Atom XHTML Content Considered Jerky

Dr. Drang writes about varying support for Atom’s content type="xhtml".

I strongly disliked this part of the Atom spec.

The thing about this feature is that the HTML tags are included as naked tags in the XML. That is, they’re not escaped or placed in a CDATA section.

From the good doctor’s example:

<content type="xhtml" xml:lang="en-US" xml:base="​http://lancemannion.typepad.com/​lance_mannion/">
<div xmlns="​http://www.w3.org/​1999/xhtml"><p><em>Barnes & Noble. Thursday. April 17, 2014. Six forty five p.m.</em></p>…
</content>

Just look at it. This feature is a giant invitation to screwed-up feeds. The HTML — which is probably a blog post, typed by a human — has to be valid XML. People writing scripts to generate these feeds have to make sure they can turn that HTML into valid XML.

Feeds are already screwed-up often enough. This could only make it worse.

The second issue: how can a parser handle this? What an RSS/Atom parser really wants is everything between <content> and </content> as a string.

I remember writing this code for NetNewsWire, which still supports this feature. (I checked. I have no idea if they’ve touched my code or not.)

I’m going from memory, but I’m pretty sure this is what I did.

NetNewsWire used libxml2’s SAX parser, which meant it gets called when the XML parser encounters the beginning and end of a tag and when it encounters a range of characters. There was no easy way — that I know of; correct me if I’m wrong — to tell the parser to treat everything inside a tag (<content> and </content>) as a string when there are XML tags inside that tag.

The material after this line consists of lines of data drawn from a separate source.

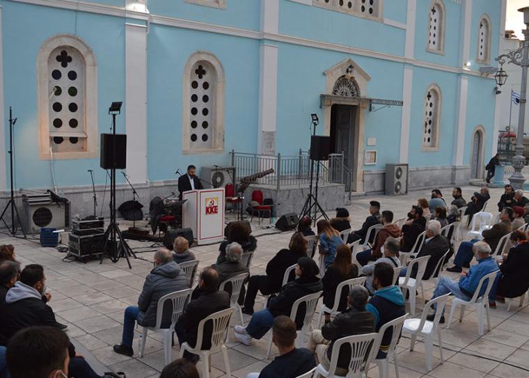 Η εκδήλωση περιελάμβανε ομιλία του μέλους της Κεντρικής Επιτροπής του ΚΚΕ, Νίκου Κουτουμάνου, που επικέντρωσε στον ιμπεριαλιστικό πόλεμο στην Ουκρανία και συγκινητική μουσικοαφηγηματική παράσταση, ενώ απέναντι, στον Πολυχώρο Δημιουργίας της ΚΝΕ “Μικρόβιο”-Γιώργος Βουβαλέας, λειτούργησε έκθεση για τον Νίκο Μπελογιάννη. Η ολοκλήρωση της εκδήλωσης έγινε με τον ύμνο της κομμουνιστικής διεθνούς με τον κόσμο να τραγουδά με υψωμένη την αριστερή γροθιά.
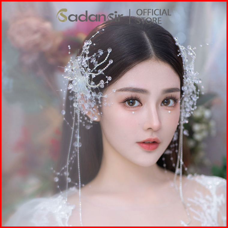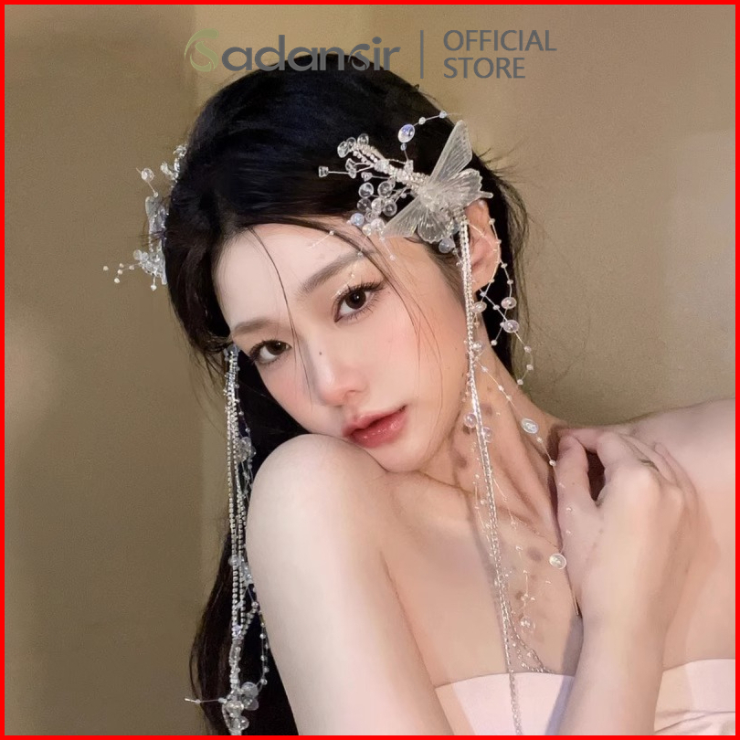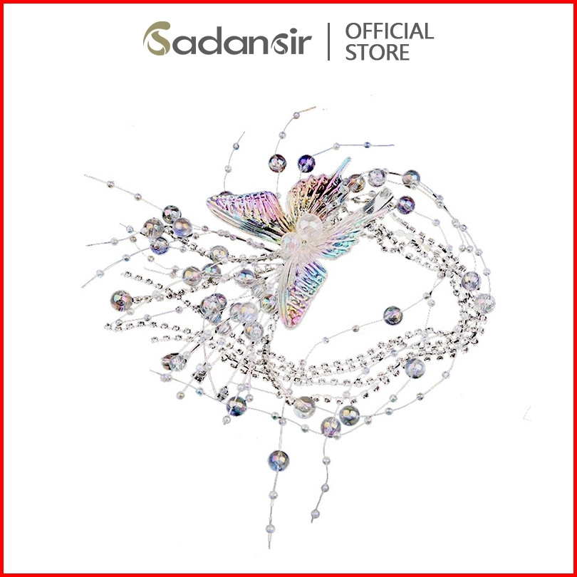 Sadansir Headpiece Permata Kristal Model Kupu-kupu Jepit Rambut Wanita Pita Mutiara Klip Rambut
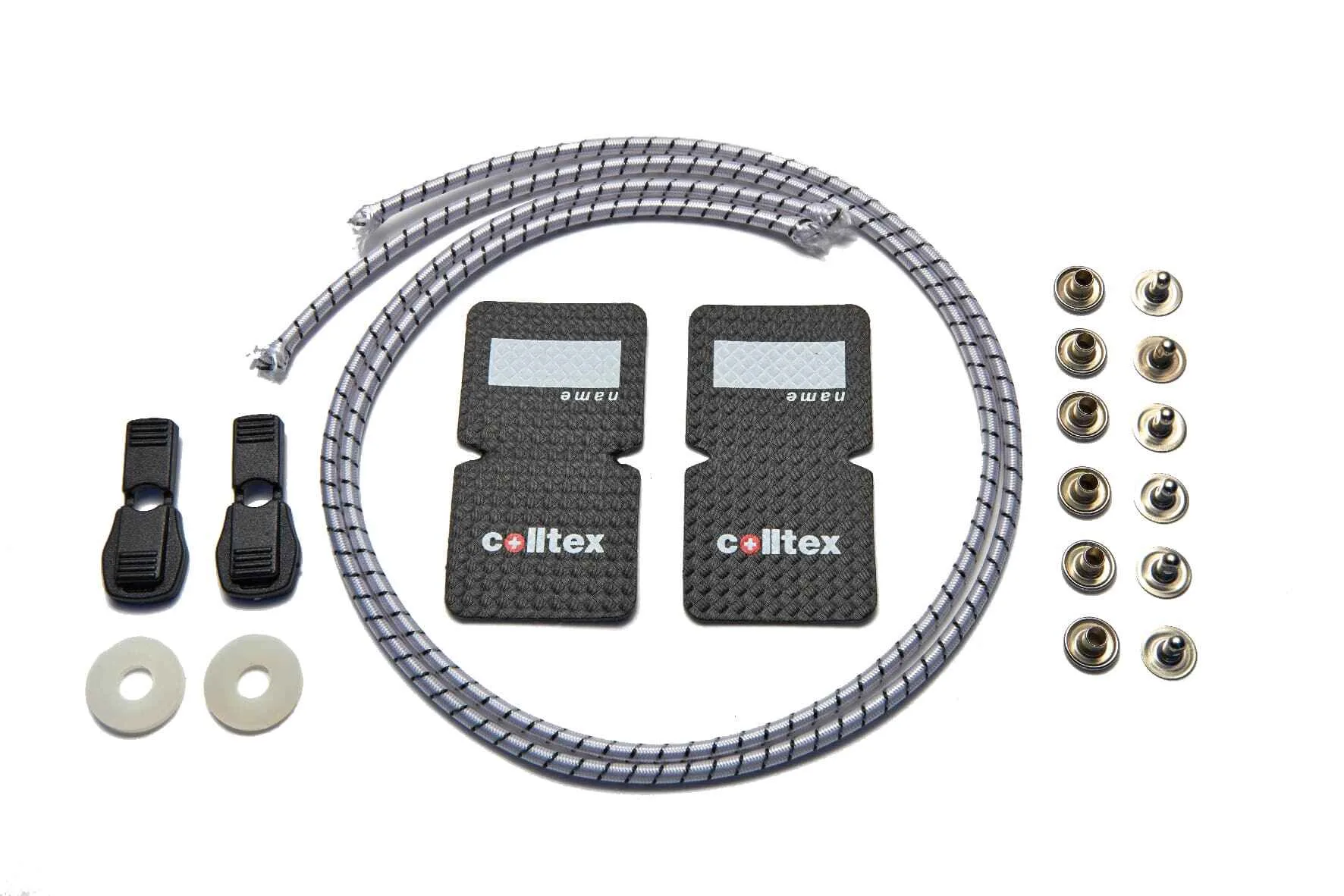 Continut: 2 snururi elastice, 2 opritoare pentru snur pliabil, 2 saibe, 2 clapete de varf, 6 nituri de sus si de jos.

So I wrote the Atom parser to rebuild the HTML. It maintained a string and pushed stuff on it. If it encountered a tag and (optionally) attributes, it would create a string version and push it. When it encountered characters it would push those. When it encountered the end of a tag it would create a string version and push that. Once the </content> was reached then it had the entire string.

The end result was equivalent HTML, but not necessarily character-for-character the same, since little things like quote characters could change.

It worked. But boy was I coding angry that day.

PS Luckily I didn’t see this feature used very often. Still had to write the code, though.

PPS I still wonder if there’s an easier way. (Using a SAX parser. No way would I give up SAX. Performance and memory use considerations require SAX.)

PPPS For a great list of other ways feeds get screwed up, see Brian’s Stupid Feed Tricks.

21 Apr 2014

Archive